Prototypes.Rd
Prototypes are `representative' cases of a group of data points, given the similarity matrix among the points. They are very similar to medoids.
the response variable. Should be a factor.
matrix or data frame of predictor variables.
the proximity (or similarity) matrix, assumed to be symmetric with 1 on the diagonal and in [0, 1] off the diagonal (the order of row/column must match that of x)
number of prototypes to compute for each value of the response variables.
number of nearest neighbors used to find the prototypes.
For each case in x, the nNbr nearest neighors are found. Then, for each class, the case that has most neighbors of that class is identified. The prototype for that class is then the medoid of these neighbors (coordinate-wise medians for numerical variables and modes for categorical variables). One then remove the neighbors used and iterate the first steps to find a second prototype, etc.
A list of data frames with prototypes. The number of data frames is equal to the number of classes of the response variable.

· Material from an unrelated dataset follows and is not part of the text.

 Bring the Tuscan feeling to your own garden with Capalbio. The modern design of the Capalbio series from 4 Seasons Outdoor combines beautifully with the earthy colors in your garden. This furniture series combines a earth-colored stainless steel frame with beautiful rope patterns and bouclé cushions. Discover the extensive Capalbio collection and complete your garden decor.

Random Forests, by Leo Breiman and Adele Cutler https://www.stat.berkeley.edu/~breiman/RandomForests/cc_home.htm#prototype
The code is an extension of classCenter
function in randomForest
package.
data(iris)
iris2 = iris
iris2$Species = factor(iris$Species == "versicolor")
iris.cf = party::cforest(Species ~ ., data = iris2,
control = party::cforest_unbiased(mtry = 2, ntree = 50))
prox=proximity(iris.cf)
Prototypes(iris2$Species,iris2[,1:4],prox)
#> $`FALSE`
#> Sepal.Length Sepal.Width Petal.Length Petal.Width
#> [1,] "6.7" "2.8" "5.8" "1.9"
#> [2,] "4.8" "3" "1.4" "0.2"
#> [3,] "5" "3.4" "1.4" "0.2"
#> [4,] "6.75" "2.55" "5.65" "2.05"
#> [5,] "4.7" "3.2" "1.4" "0.2"
#>
#> $`TRUE`
#> Sepal.Length Sepal.Width Petal.Length Petal.Width
#> [1,] "5.5" "2.4" "3.7" "1.1"
#> [2,] "5.6" "2.7" "3.9" "1.4"
#> [3,] "5.9" "2.7" "4.2" "1.4"
#> [4,] "6.1" "2.9" "4.5" "1.3"
#> [5,] "6.3" "2.9" "4.6" "1.4"
#>